Why Should I Comment On Someone Else’s Blog?

Recently, one of my workshop participants asked “Why should I take time to comment on other people’s blogs?” Here are some compelling reasons to make this part of your social media strategy:

  • Every comment adds to your online visibility. Each time your name appears on a comment, the blogger and other blog readers see you and become familiar with your name.
  • Building a community is a two-way conversation. By showing interest in other people’s thoughts, you demonstrate how much you value their contribution to your industry.
  • Blog comments help establish you as an authority in your field. You also make it clear that you’re a lifelong learner willing to hear new ideas. Don’t be afraid to share your expertise to enhance what’s already been written.
  • Frequent thoughtful, relevant comments on the same blog can help you build a relationship with the blogger and the audience. Check back for follow-up comments from the blogger and other readers and continue the dialogue as long as there’s something meaningful to say.
  • Often blog comments accommodate your website listing as well as your name. These inbound links, sometimes called backlinks, add to your SEO (search engine optimization).
Snapshot of some comments on my site

Read on for a few words of caution

  • Be careful about including links to your blog in the text of your comment. Anything you share must support what the blogger is doing otherwise you’ll be perceived as spam.
  • Sometimes it’s better to say nothing at all. A brief “thanks so much” may be courteous but it doesn’t establish any rapport with the folks you’re trying to network with.
  • I’d also encourage you to say nothing if you have a negative reaction to the blog post. If there’s a factual error, by all means politely offer updated information but please don’t post your knee jerk reaction. The damage you could do to your reputation is vast.
  • If you’re trying to build relationships from a business point of view, I suggest you avoid commenting on religious or political blogs. Why limit your market share to only those who share your beliefs?
  • Be yourself. It’s all about authentic relationships, right?

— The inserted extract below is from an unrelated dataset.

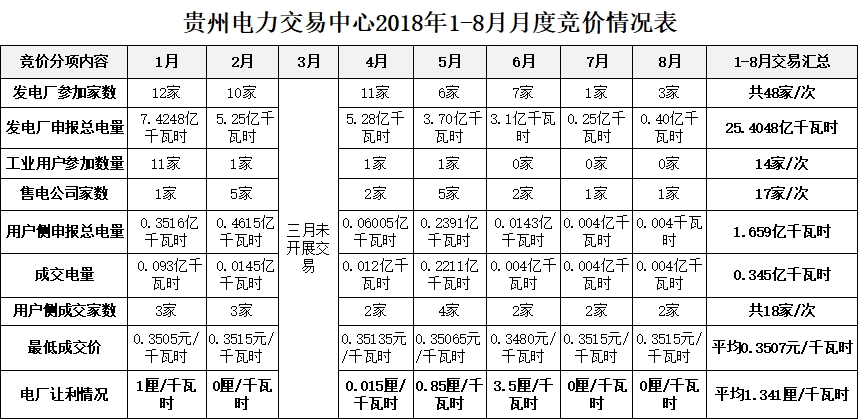 3、貴州月度競價不理想。筆者整理出今年貴州電力交易中心1-8月電力分月競價情況一覽表(見下表)。

So stop reading this and leave a comment today.

  • Libby Klysz

    Hi Angela,
    These are some great points you have raised here. In my own industry and community, I find that word of mouth and networking are the top methods of work referral and employment- so the more visual you are (as an informed, polite professional!) the greater impact this has.

    • http://www.beachcombercommunications.com Angela Crocker

      I think people forget sometimes that blogs and other social media tools are a form of networking that is just as valid as face-to-face connections. Ideally you want a blend of the two but sometimes, as is true for you and I, Libby, online is all we’ve got!

  • http://twitter.com/rebeccacoleman Rebecca Coleman

    I call it “leaving a trail of breadcrumbs.” Like in Hansel and Gretel, you can pick up a trail on the interwebz, and it can lead you back to a really interesting place (like your blog). So, if you have a blog, the best marketing you can do is to comment on other people’s blogs (interesting, thoughtful comments, not just “Great Post!” although we all like to hear that! :-) ) and then leave your blog’s address (most blogs have a box for this). When people read the post, and then read your comment, they can find you and become your fan! 

    • http://www.beachcombercommunications.com Angela Crocker

      I love the Hansel & Gretel analogy, Rebecca. Once we find our niche (or niches), you often see the same thoughtful folks over and over again and, of course, they see you. The key, as you rightly point out, is THOUGHTFUL comments that add to the discussion.

  • http://DaveCharest.com Dave Charest

     Great Angela. These are all right on. 

    Another thing I like about comments is that if you add to the conversation you can actually repurpose your comment into a post for your own blog. 

    That’s win-win. You’re doing all the things you mention in this post AND creating content for your blog. 


    • http://www.beachcombercommunications.com Angela Crocker

      Great suggestion, Dave! Absolutely every comment is fodder to fuel your own blog. In some ways the web is one big swirling vortex of ideas.

  • http://sueedworthy.ca/ Sue

    I also think there’s an element of support here for the blogger – sometimes you run into people who tell you they loved the post but when you ask if they comment – they didn’t. I liken it to producing a show – if it’s a comedy, I’m hoping for audience members who are “big laughers” – their laugh encourages and gives permission to the rest of the audience to laugh out loud as well. I think comments on a blog can perform the same function by starting the conversation.

    • http://www.beachcombercommunications.com Angela Crocker

      Sue, you’re absolutely right. “Big laughers” or “big commenters” can really take a leadership role in enhancing people’s experience of the play/blog.  Thanks for being a “big commenter” here!

  • http://twitter.com/Cougie2 Elaine Cougler

    I agree wholeheartedly with your comments, Angela, and would like to leave another thought.  Bloggers absolutely love to have others read their words and, while their site counters tabulate visitors, nothing is as satisfying as an actual response to something we’ve written.  These comments lead to relationships with people who are passionate about our subject.  I’ve met people all over the world through my blog.  How exciting!

  • Anonymous

    Excellent suggestion, Dave! Absolutely all comments are fodder for your blog. In a way the web is a whirlwind of ideas.